Toni Erdmann, le 3eme film de l’allemande Maren Ade, était un des moins attendus de la compétition cannoise 2016. Il s’est vite imposé comme un des favoris pour la Palme d’or. Hélas, le jury est passé étrangement à côté, ratant ainsi l’occasion de récompenser une réalisatrice originale, audacieuse et pleinement maîtresse de son art.
De l’art d’être père
Il n’est jamais facile de dire aux gens qu’on les aime, même à son père, même à sa fille, surtout quand la vie et les kilomètres vous tiennent à distance. Winfried est un incorrigible farceur. Faire des blagues, en permanence, avec n’importe qui et n’importe où, est la meilleure manière qu’il a trouvé pour dissimuler sa sensibilité à fleur de peau.
Sa fille, Inès, lui manque. Beaucoup. Ambitieuse, carriériste, elle travaille pour une société de conseil allemande appelée à régler une transaction délicate en Roumanie. Et depuis qu’elle est à Bucarest, happée par sa carrière, elle n’a plus de temps à consacrer à son père. Même quand elle rentre en Allemagne pour son anniversaire , elle est constamment pendue au téléphone.
A vrai dire, les manières de sa fille le dégoûte, alors qu’elle a parfois honte de lui. Qu’importe. Winfried s’invite à Bucarest et devient un grippage inattendu et imprévisible dans la vie de sa fille. Et même quand elle le croit reparti, elle n’est pas au bout de ses peines. Nous spectateurs, nous sommes aux anges.

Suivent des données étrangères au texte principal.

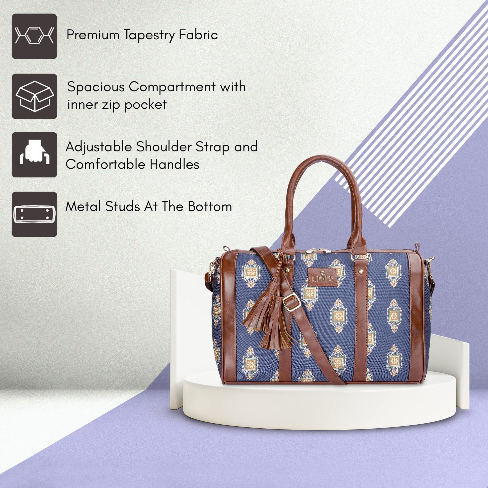 Crafted from a blend of high-quality Printed Handicraft Fabric and durable Faux Leather, these bags promise longevity and a rich texture. The soft polyester inner lining ensures comfort and protection for your belongings, while reinforced fittings such as metal zippers and buckles add a touch of luxury and resilience.

Toni Erdmann ou l’amour filial v/s la compétition internationale
Toni Erdmann, du nom d’un des personnages – mais on ne vous dira pas lequel!- est un film en équilibre précaire mais parfaitement tenu entre une déclaration d’amour magnifique, certes peu conventionnelle d’un père à sa fille et une critique acerbe du système économique actuel. Le raccourci peut sembler étonnant mais dans le film, il se tient.
Winfried adore sa fille mais désapprouve son métier, sa réussite au regard du prix qu’elle paie pour y parvenir. Habituée aux compromissions, à la rationalisation imposée par le top management des entreprises pour lesquelles elle travaille, Inès a dissous ses sentiments, ses émotions dans son efficacité professionnelle et sa capacité froide, à trouver des solutions toujours plus pertinentes d’un point de vue économique, absurdes d’un point de vue humain.
Un père et une fille
Son père Winfried n’a jamais eu ni ce talent, ni cette ambition. Pour lui, à l’inverse, l’homme et le plaisir priment. Il le paie cher d’ailleurs, poussé par son ironie perpétuelle sur les franges marginales de la société. Ce dont il semble se foutre. En revanche, il ne badine ni avec l’amour filial, ni avec les sentiments. Et le montre, à sa façon.
Comment réconcilier ce duo que tout oppose? C’est justement le miracle de ce film écrit et réalisé par Maren Ade, productrice de Miguel Gomes (Tabou, le trilogie des Mille et une nuits) et jeune réalisatrice dont seul, le second film Everyone Else est sorti en France.
Toni Erdmann, une montée en puissance vers un sommet de comédie
Dans un final époustouflant et inattendu – pour ne pas dire complètement barré! et irrésistiblement drôle – le père et la fille vont finir par se rapprocher sans abdiquer leurs principes. C’est d’autant plus intéressant que ce couple est rarement traité ainsi au cinéma, c’est-à-dire à égalité, les deux étant des adultes liés par une histoire commune mais qu’une génération distingue.
Le scénario habile, audacieux permet aux deux comédiens de réaliser une composition hors norme, évidemment plus en faveur du père fantaisiste, brillamment campé par un Peter Simonischek déchaîné mais auquel Sandra Hüller oppose une rigidité bienveillante. C’est à la fois hilarant et profond, offrant un lecture aussi drôle au premier qu’au second degré, égratignant au passage avec une ironie féroce les manières des entreprises aujourd’hui dans leurs relations humaines. Audacieux, réjouissant, intelligent.. bref, nécessaire!
De Maren Ade, avec Sandra Hüller, Peter Simonischek…
2016 – Allemagne – 2h42
Toni Erdmann de Maren Ade concourait en compétition officielle pour la Palme d’or. Il était un des trois films réalisés par une femme. Il a obtenu le prix de la Fipresci, remis par un jury international de critiques de cinéma. Il sortira en salle le 17 août 2016.